The University of Minnesota has inked a deal with a Japanese company in hopes of creating a lasting medical devices partnership.
Toray Industries, Inc., has more than 40,000 employees worldwide and almost $15 billion in revenue, but only one of its employees will come to campus, and he will work in a 153-square-foot office.
The move keeps the state and University on the international radar as a major medical devices hub for future corporate investments.
Sarah Walbert, liaison between Toray and the state, said it would’ve been a blow to the medical devices industry in Minnesota if Toray chose to go to the East or West coasts like other Japanese companies have in the past.
“Minnesota has been a fly-over state as far as the Japanese are concerned,” Walbert said. “Now, maybe all of our hard work is beginning to pay off.”
The Tokyo-based materials conglomerate uses innovative technology to produce low-cost materials ranging from synthetic suede and pharmaceuticals to aircraft.
The visiting Toray scientist, Hiroshi Ohno, is slated to arrive in December.
Arthur Erdman, the University’s Medical Devices Center director, said he hopes Ohno’s visit will turn into a long-lasting partnership.
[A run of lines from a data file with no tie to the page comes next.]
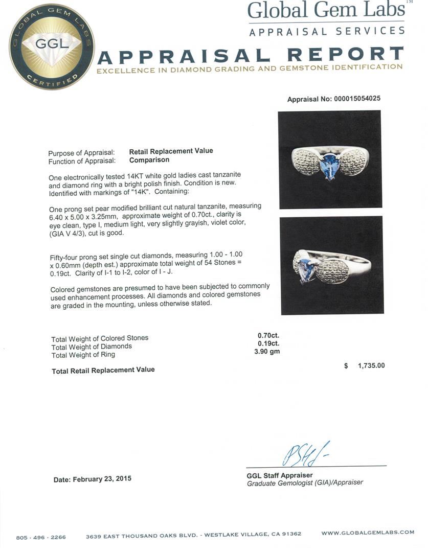 One electronically tested 14KT white gold ladies cast tanzanite and diamond ring with a bright polish finish. Identified with markings of "14K". Condition is new. Containing: One prong set pear modified brilliant cut natural tanzanite, measuring 6.40 x 5.00 x 3.25mm, approximate weight of 0.70ct., clarity is eye clean, type I, medium light, very slightly grayish, violet color, (GIA V 4/3), cut is good. Fifty-Four prong set single cut diamonds, measuring 1.00 - 1.00 x 0.60mm (depth est.) approximate total weight of 54 Stones = 0.19ct. Clarity: I-1 to I-2. Color: I - J. Colored gemstones are presumed to have been subjected to commonly used enhancement processes. All diamonds and colored gemstones are graded in the mounting, unless otherwise stated. Total Weight of Colored Stones 0.70ct. Total Weight of Diamonds 0.19ct. Total Weight of Ring 3.90 grams. GGL Appraised at $1,735.00.
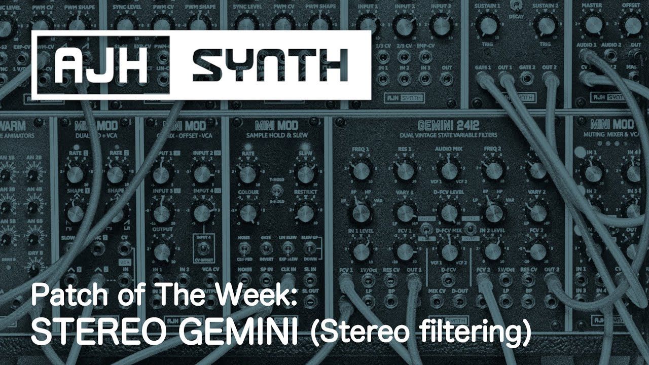 This week's patch shows how you can use the Gemini 2412 VCF (otherwise a twin or 2 filters) to create stereo panning effects, by using an LFO and 2 VCAs. It's easy to create stereo amplification or panning of a sound just by using a pair of VCAs in the same manner as detailed in this video, or just in post-processing, but where's the fun in that?? Actually filtering and shaping the sound in stereo, using two filters that can have completely unique settings, is much more sonically interesting, and offers a huge range of sound possibilities.
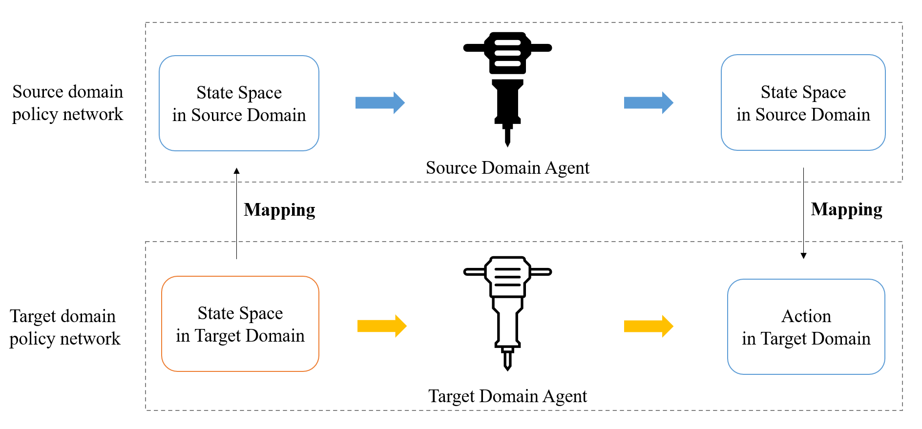,即对于当前状态输出一个确定性动作。从本质而言,策略网络是一个非线性策略逼近器,用于对策略模型π(a|s)进行逼近。因此,对策略网络的迁移实质上是对源领域的状态-动作关系进行迁移。策略网络具体的迁移过程如图4所示。
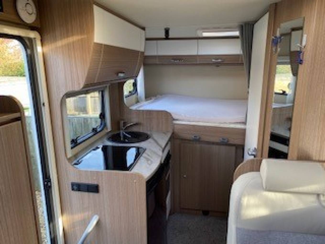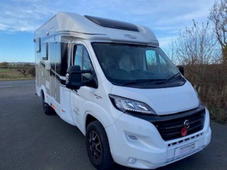 Please call Peter Fletcher on 07375 391623 for more information. This is an extremely well maintained compact motorhome at only 5.98m in length, with auto gearbox, built by Carado (part of the Hymer Group) and with a 2.3 litre engine and a rear transverse fixed double bed above a large garage.
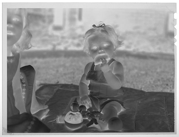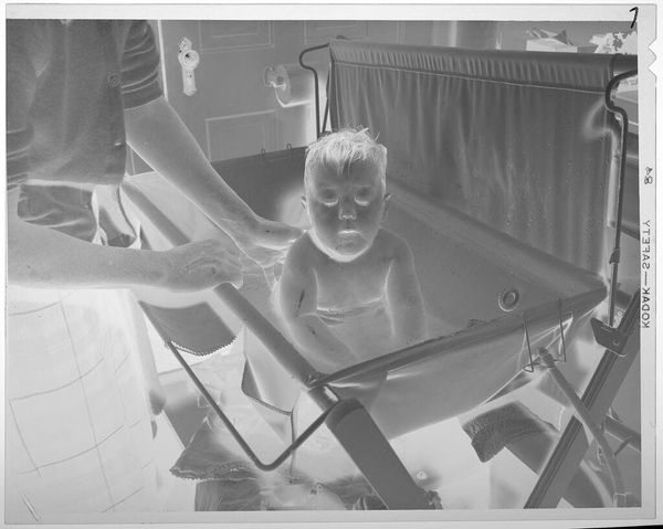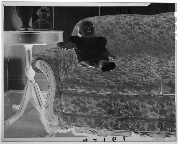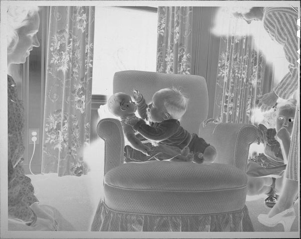 Curator: What strikes me about this image is the stark contrast between the ornate couch and the seemingly candid moment captured. Editor: Indeed. This photograph, currently titled "Untitled (baby posed sitting on ornate couch as grandfather looks on)," was taken by Martin Schweig. The composition creates a fascinating dialogue between generational experiences. Curator: It speaks to the complex relationships between family members, especially within the power dynamics of age and heritage. The baby is centered, almost like an emblem of the future, observed by a figure who represents the past. Editor: The use of light and shadow also directs our gaze, focusing on the textures of the couch and the expressions of the figures. Notice how the soft focus gives the image a dreamlike quality. Curator: It also hints at societal expectations placed on children and families. The formal setting contrasts with the baby’s natural, unscripted presence, reflecting how societal norms often shape our understanding of childhood and family roles. Editor: It’s compelling how a simple photograph can evoke such layered meanings. The interplay of elements engages us in a deep visual and social analysis.

The U.S. Department of Commerce identifies central Japan’s industrial theme as monozukuri, or “making things,” with notable companies like Honda and Mitsubishi. But when it comes to composite materials, Toray is the big player.
Erdman said interactions between the University and Japan are nothing new since the MDC opened in 2008. Since then, Erdman said, 25 different Japanese companies and government entities have visited the center.
Toray Industries gave the University’s College of Science and Engineering a gift between $50,000 and $100,000 in November 2012. That same month, Toray suggested the idea of a visiting scientist after seeing the MDC in February, Erdman said.
University Vice President for Research Brian Herman said he expects Toray to bring a unique element to the University’s industry partnerships.
“They bring a different kind of competency,” he said.
Herman said Toray’s scientific approach to material production could make medical devices perform more
Combining faculty research with corporate expertise can commercialize scientific breakthroughs faster than publishing scientific research can, Herman said.
Minnesota has a distinct competitive advantage in the medical technology world because of cooperation between its leaders in academia, government and private industry, said Walbert, who is also a medical devices and biosciences specialist for the Minnesota Department of Employment and Economic Development.
“We are the global center of medical devices,” she said.
Herman said the University is in negotiations to replicate this type of partnership with other companies.
Ohno will stay indefinitely in his office, which is located behind the MDC’s back entrance. He’ll be able to network with University researchers and industry partners like Medtronic and Boston Scientific.
“We’re playing matchmaker,” Erdman said. “He’s not part of us, but he’s a potential collaborator.”
With Ohno as a global associate in the University’s backyard, there’s potential for further investment dollars and Toray’s expansion within the state.
“Clearly the trajectory is set for much bigger things to come,” Erdman said. “This is going to be an interesting possibility for everybody.”